Salí a hacer compras. En el camino de vuelta descubrí unas esculturas móviles, que con el viento iban cambiando muy sutilmente, formando figuras que no duraban un instante, en constante avidez de transformación. Cuanto más lento se producía el cambio, más yo caía en la cuenta de lo inaprensible de esas formas, a no ser fotografiándolas. La única manera de inmovilizar el momento era volviéndolo imagen, reproducción; en la realidad, no se podía.
Pensás en parar el avión y salir a respirar aire fresco. Pero algunas cosas sólo se sostienen en el aire por estar en movimiento, y eso es parecido a lo que sucede con el tiempo. A veces lográs que el mundo funcione en cámara lenta, que un segundo se separe del siguiente por un hiato más prolongado, y tenés la ilusión de que si seguís así vas a poder frenarlo.
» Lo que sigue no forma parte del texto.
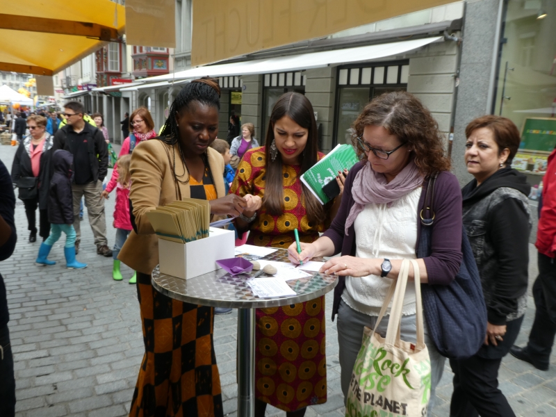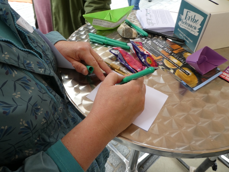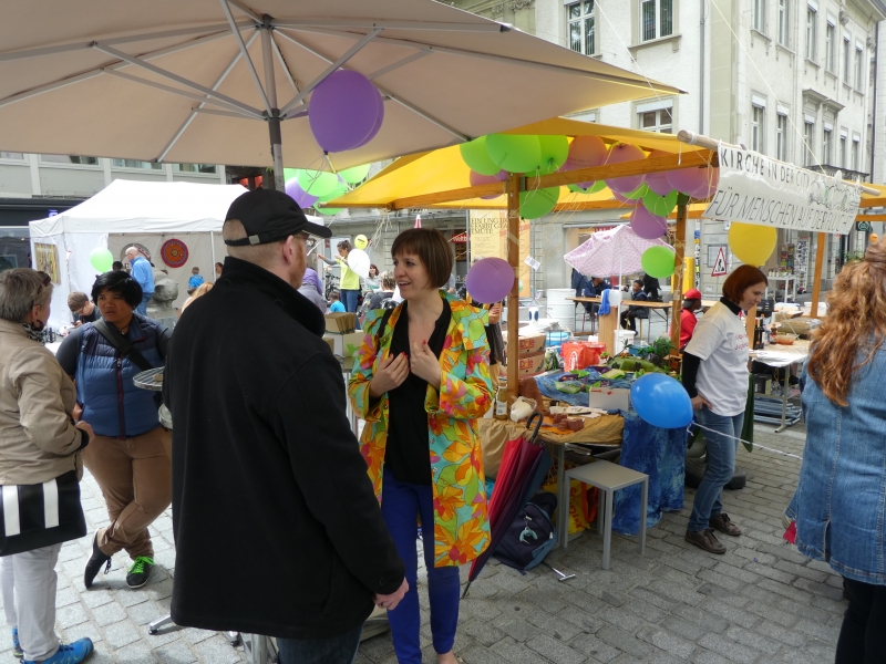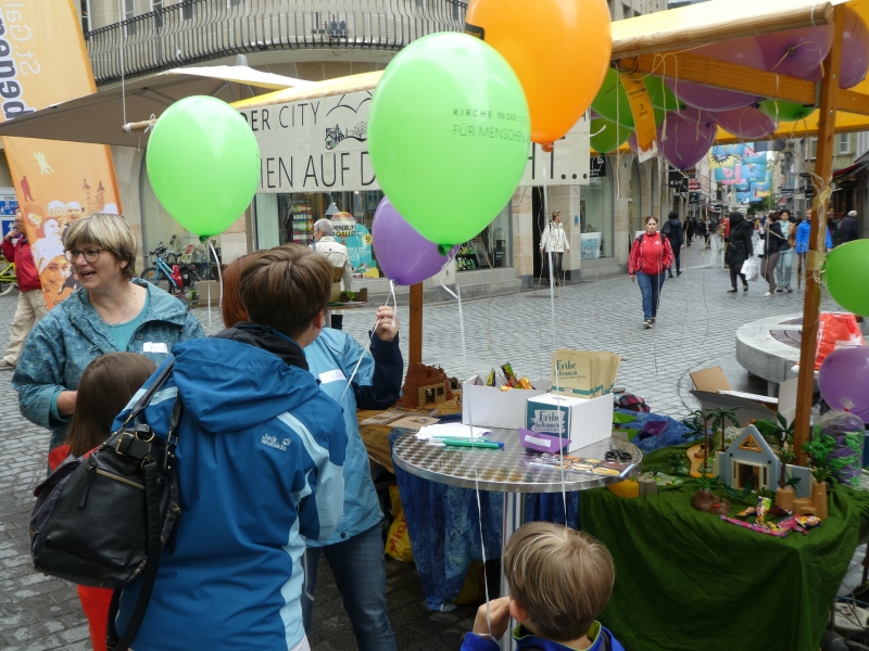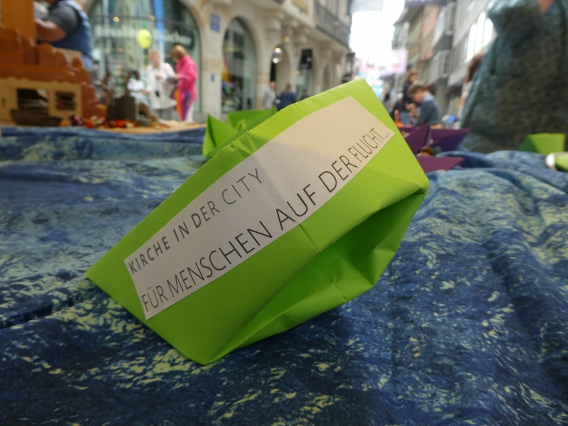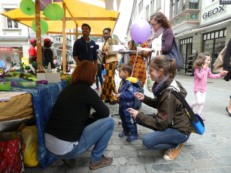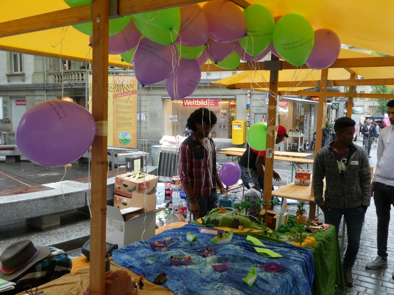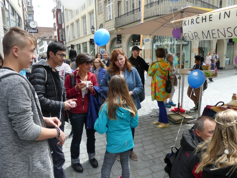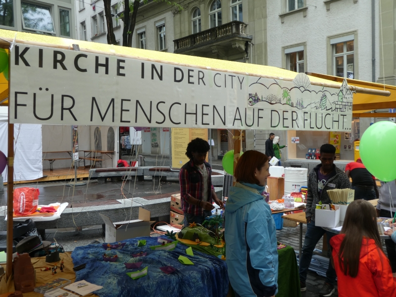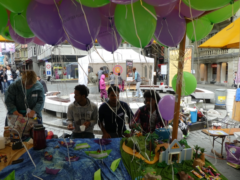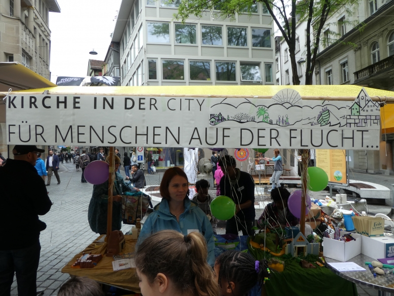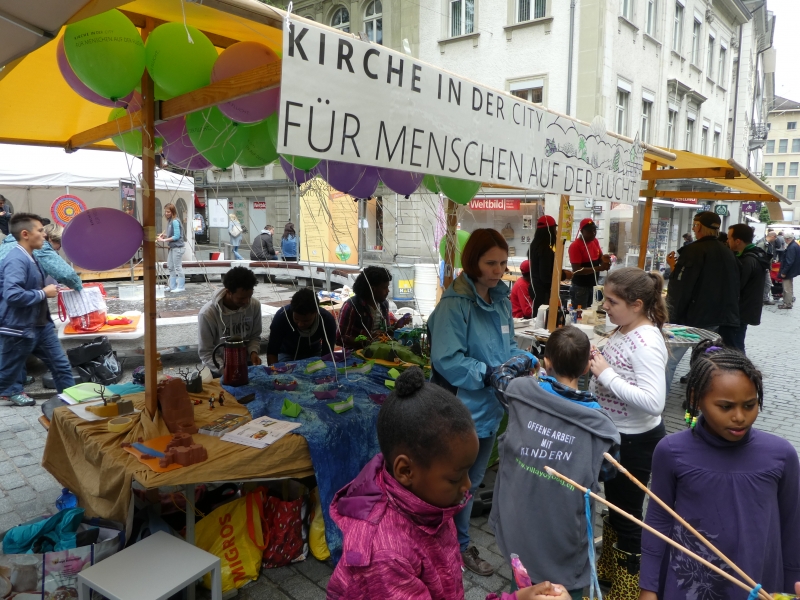 Dieser Slogan von Kirche in der city hat viele Passanten in der St. Galler Innenstadt dazu bewegt, sich mit dem Thema Flüchtlinge auseinanderzusetzen. Um damit ein Zeichen zu setzen, liesen Gross und Klein einen Ballon, der einen Gedanken, ein Gebet, einen Dank, eine Bitte, einen Wunsch oder einen Vorsatz in den Himmel steigen. Selbst ein Team von jungen Flüchtlingen aus Eritrea wirkten am Stand von Kirche in der city.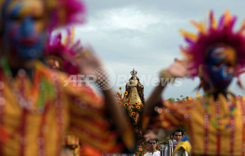 ニュース ライフ フィリピン各地でサント・ニーニョ祭 2008年1月30日 17:59 発信地:マニラ/フィリピン [ アジア・オセアニア フィリピン ] このニュースをシェア ‹ › ❮ 3/4 ❯ 2008年1月27日、フィリピンの首都マニラ(Manila)で幼年期のイエス・キリスト(Jesus Christ)、サントニーニョ(Santo Nino)像を掲げてサントニーニョ祭のパレードに参加する山車。(c)AFP/JES AZNAR 画像作成中 ! 【1月30日 AFP】フィリピン各地で27日、キリスト教カトリックのサントニーニョ(Santo Nino)祭が行われ、首都マニラ(Manila)でもカトリック教徒らが幼年期のキリスト像サントニーニョを掲げながら市内をパレードした。(c)AFP ライフ 一覧へ> メディア・報道関係・法人の方向け 写真・動画 購入のお問合せ>

Tal vez una de nuestras más profundas penas sea el cansancio, que a veces nos acomete en disonancia con este universo que avanza empecinadamente hacia lo incógnito. Nosotros nos cansamos pero el mundo sigue, y no hay oportunidad de bajarse a tomar aire. Habrá que aprender la respiración circular de los tocadores de didgeridoo, o la forma de comer de los atletas de ironman, que se alimentan sin dejar de correr o nadar (o estirar el hiato entre un instante y otro, para poner un pie en la tierra mientras la máquina casi se detiene, aunque más no sea para empujarse fuerte y volver a bordo).